-- RECORDS follows --
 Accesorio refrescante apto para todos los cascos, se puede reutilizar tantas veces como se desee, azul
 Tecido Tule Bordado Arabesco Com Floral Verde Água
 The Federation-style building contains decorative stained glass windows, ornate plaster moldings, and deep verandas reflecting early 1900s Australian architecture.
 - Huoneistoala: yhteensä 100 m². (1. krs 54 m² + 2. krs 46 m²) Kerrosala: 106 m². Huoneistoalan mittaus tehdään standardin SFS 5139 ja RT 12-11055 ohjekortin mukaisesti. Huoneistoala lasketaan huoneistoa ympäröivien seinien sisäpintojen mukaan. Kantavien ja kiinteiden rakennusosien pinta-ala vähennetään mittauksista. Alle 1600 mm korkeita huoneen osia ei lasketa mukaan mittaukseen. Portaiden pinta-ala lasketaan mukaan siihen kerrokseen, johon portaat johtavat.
-- RECORDS concluded --
-- RECORDS follows --
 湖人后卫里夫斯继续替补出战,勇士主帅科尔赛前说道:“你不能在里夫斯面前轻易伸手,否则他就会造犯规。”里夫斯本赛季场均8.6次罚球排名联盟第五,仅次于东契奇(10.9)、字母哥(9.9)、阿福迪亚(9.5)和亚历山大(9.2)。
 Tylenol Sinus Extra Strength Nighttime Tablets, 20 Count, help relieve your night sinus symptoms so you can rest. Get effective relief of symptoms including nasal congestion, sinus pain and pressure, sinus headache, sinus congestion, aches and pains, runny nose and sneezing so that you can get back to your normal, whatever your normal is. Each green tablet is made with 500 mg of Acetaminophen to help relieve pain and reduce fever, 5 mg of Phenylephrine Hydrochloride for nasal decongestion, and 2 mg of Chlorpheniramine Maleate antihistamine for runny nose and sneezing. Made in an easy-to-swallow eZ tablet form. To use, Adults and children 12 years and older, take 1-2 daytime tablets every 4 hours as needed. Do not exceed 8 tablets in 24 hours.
-- RECORDS concluded --
-- RECORDS follows --
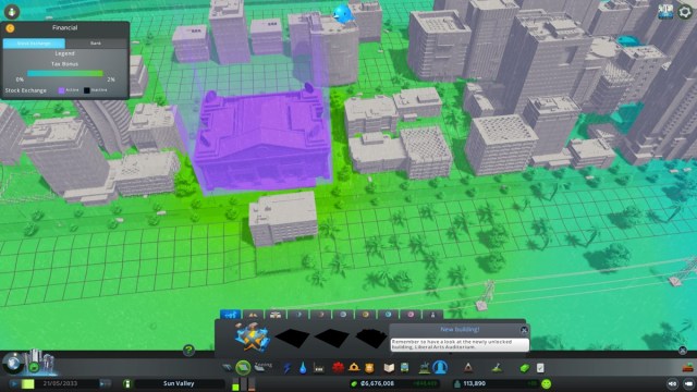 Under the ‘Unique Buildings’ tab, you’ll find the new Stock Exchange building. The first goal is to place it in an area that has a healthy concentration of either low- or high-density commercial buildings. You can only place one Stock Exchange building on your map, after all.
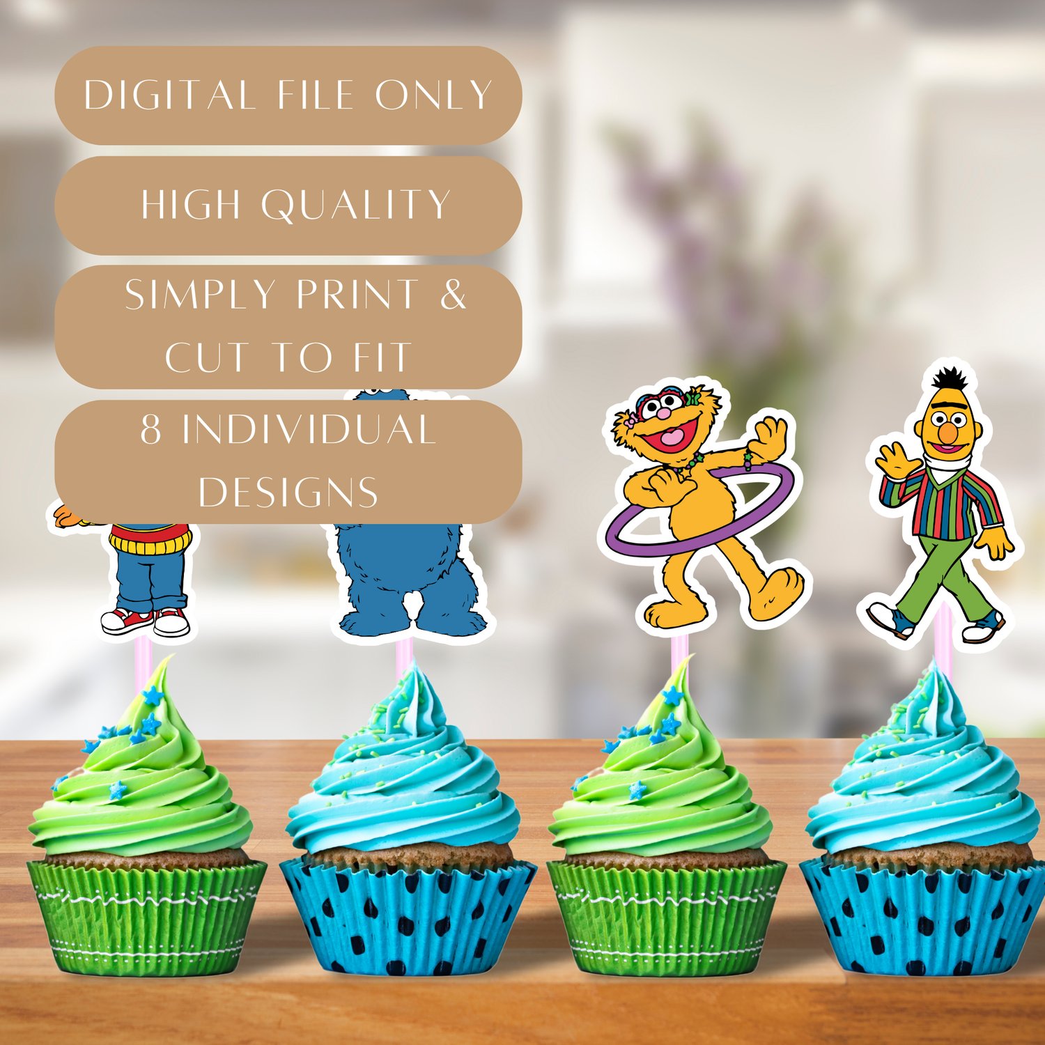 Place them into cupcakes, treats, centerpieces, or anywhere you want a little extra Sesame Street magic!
-- RECORDS concluded --
### BRIEF:
After locating the line holding "Accesorio refrescante apto" above, output exactly that line and every line after it through the line holding "- Huoneistoala: yhteensä". Include nothing else.

### RESPONSE AREA:
 Accesorio refrescante apto para todos los cascos, se puede reutilizar tantas veces como se desee, azul
 Tecido Tule Bordado Arabesco Com Floral Verde Água
 The Federation-style building contains decorative stained glass windows, ornate plaster moldings, and deep verandas reflecting early 1900s Australian architecture.
 - Huoneistoala: yhteensä 100 m². (1. krs 54 m² + 2. krs 46 m²) Kerrosala: 106 m². Huoneistoalan mittaus tehdään standardin SFS 5139 ja RT 12-11055 ohjekortin mukaisesti. Huoneistoala lasketaan huoneistoa ympäröivien seinien sisäpintojen mukaan. Kantavien ja kiinteiden rakennusosien pinta-ala vähennetään mittauksista. Alle 1600 mm korkeita huoneen osia ei lasketa mukaan mittaukseen. Portaiden pinta-ala lasketaan mukaan siihen kerrokseen, johon portaat johtavat.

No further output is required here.